Write out every line exactly, from the start of the records below to the line with "3)直流充电机与充电桩一一配置,远离客户,走线通过地下传输", and stop there. Don't write out the pictures.

[Start of section]

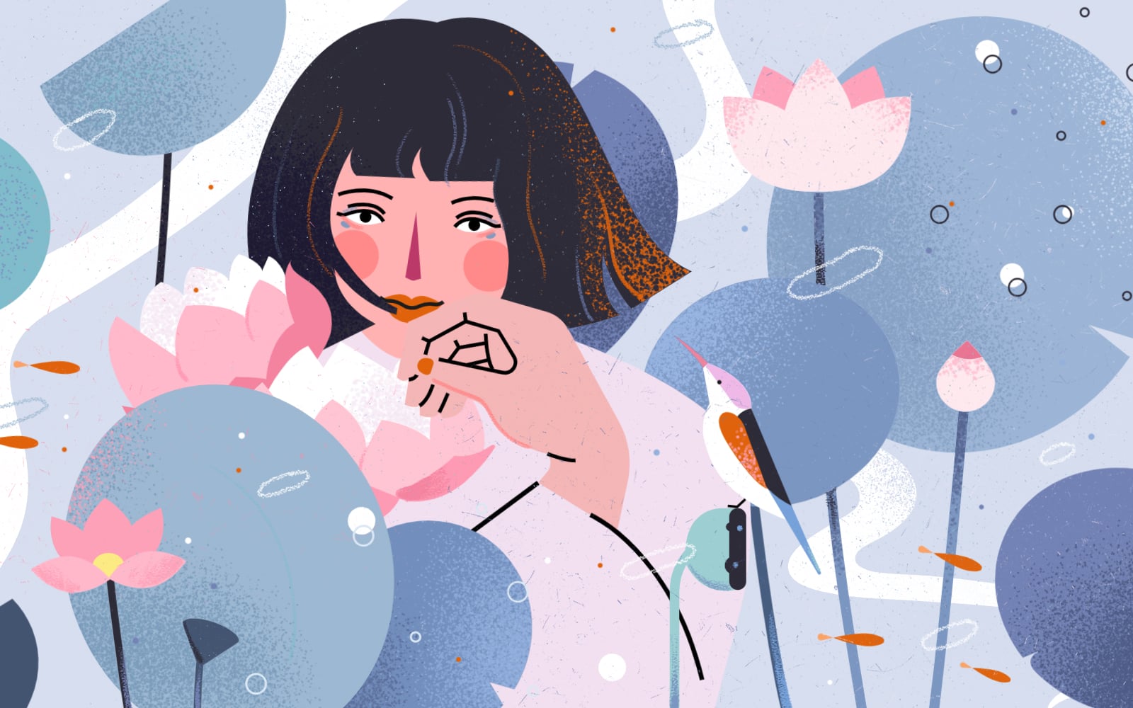 使用元素:肖像、动物、植物、氛围 | 配色风格:紫韵蓝雾
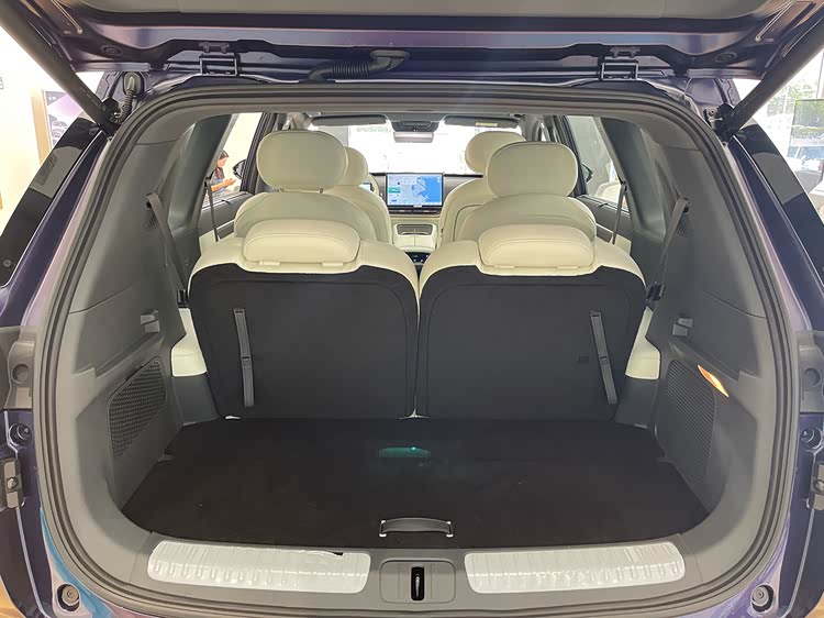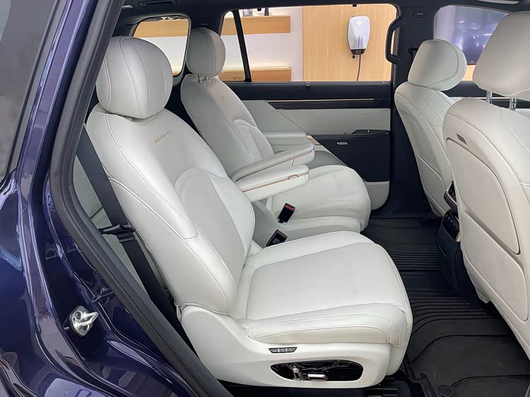 座椅全系都是仿皮材料,前排座椅支持电动调节、加热和通风。整车采用2+2+2的六座布局,第二排为独立座椅,支持前后调节、加热、通风和腿托调节,还可选装后排小桌板。
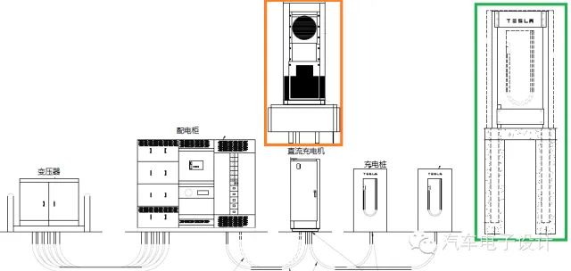 3)直流充电机与充电桩一一配置,远离客户,走线通过地下传输
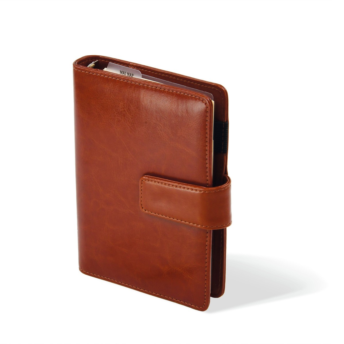 Modern vonalvezetésű, valódi bőr hatású, rejtett mágnessel záródó, kiváló minőségű műbőr, krém (Chamois) betétlapokkal töltött kalendárium.
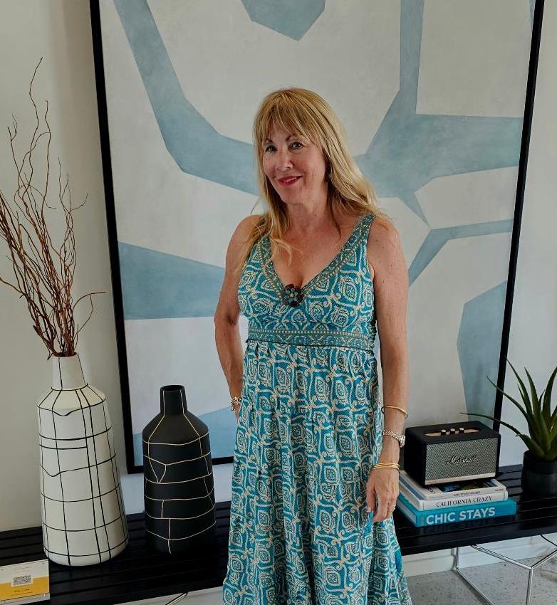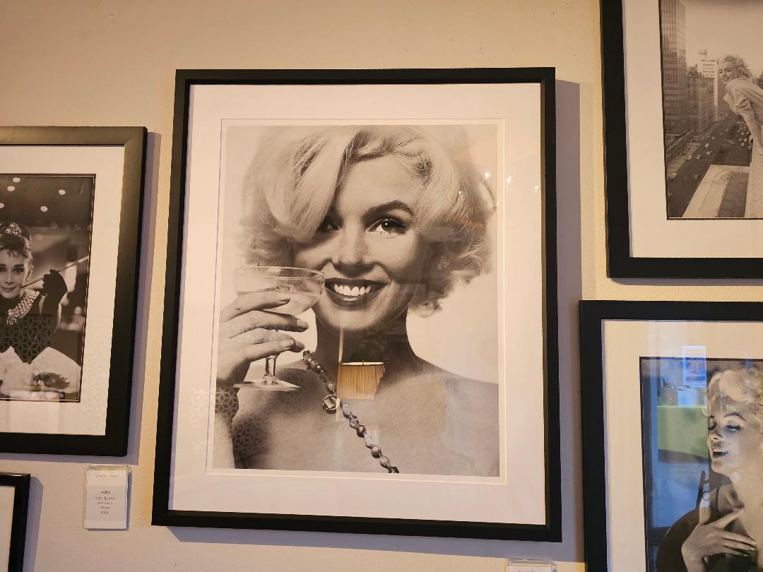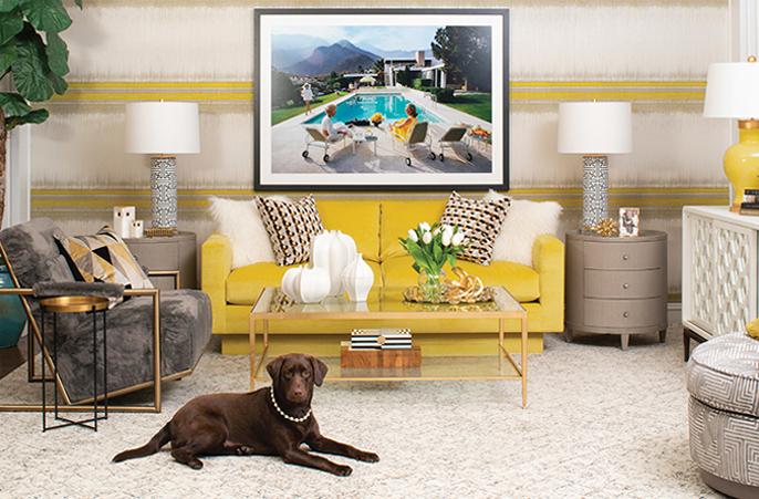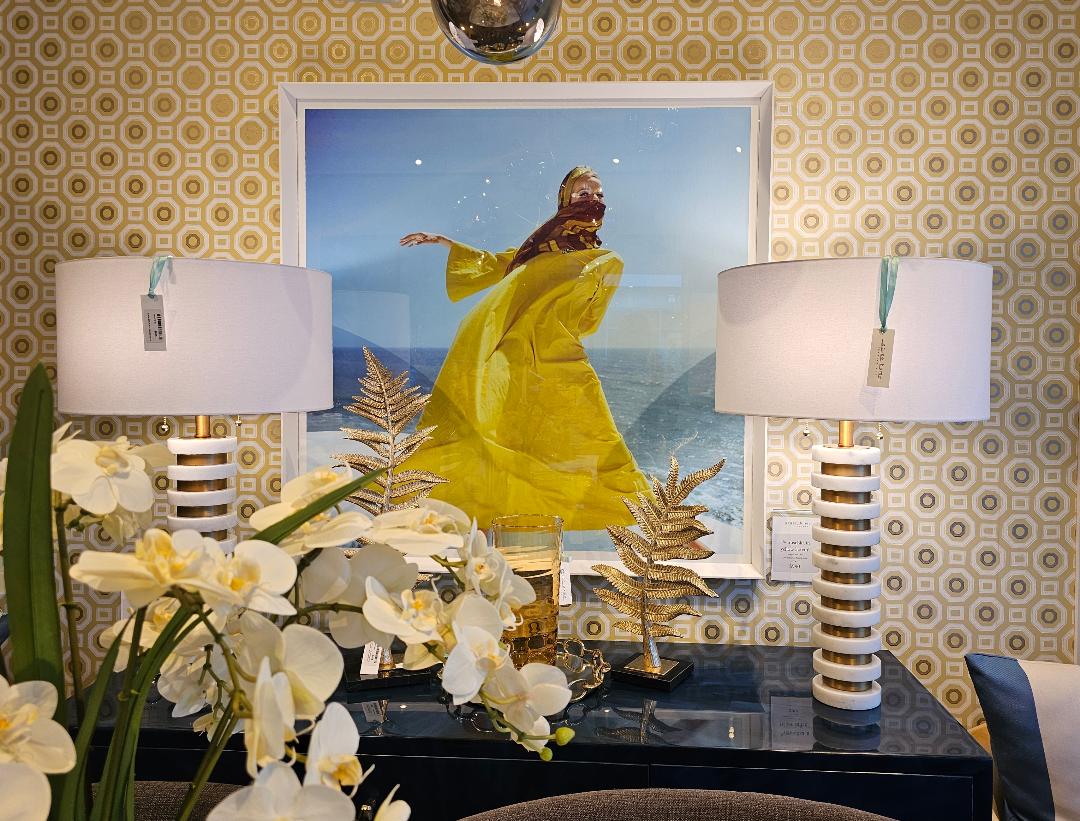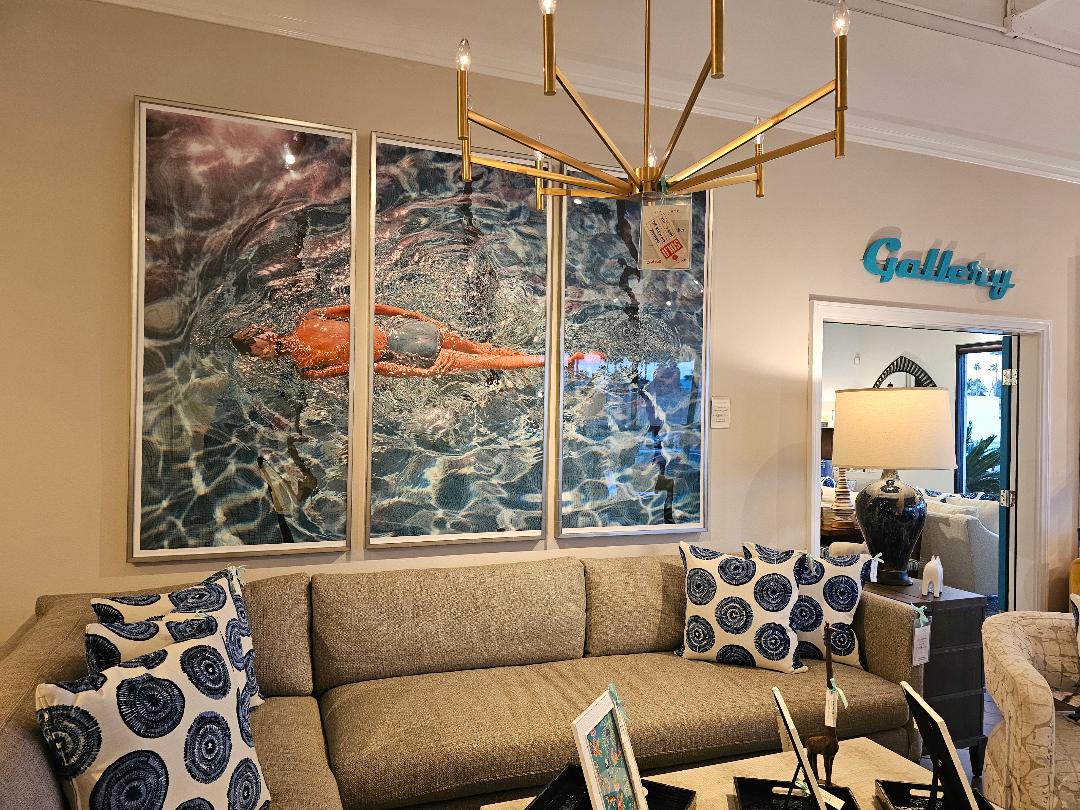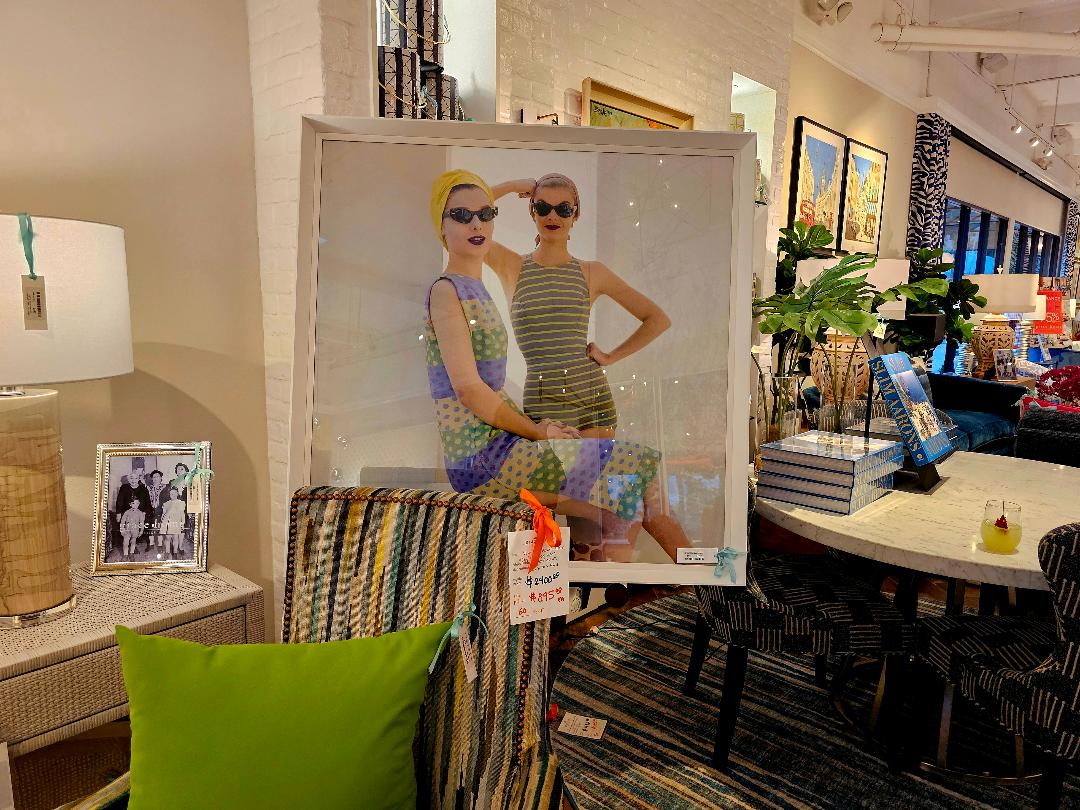 Grace on the floor by a “PoolSide Gossip” print on the wall at Grace Home Furnishings . Photo: taken from their website.

[End of section]

Answer to this exercise:
 使用元素:肖像、动物、植物、氛围 | 配色风格:紫韵蓝雾
 座椅全系都是仿皮材料,前排座椅支持电动调节、加热和通风。整车采用2+2+2的六座布局,第二排为独立座椅,支持前后调节、加热、通风和腿托调节,还可选装后排小桌板。
 3)直流充电机与充电桩一一配置,远离客户,走线通过地下传输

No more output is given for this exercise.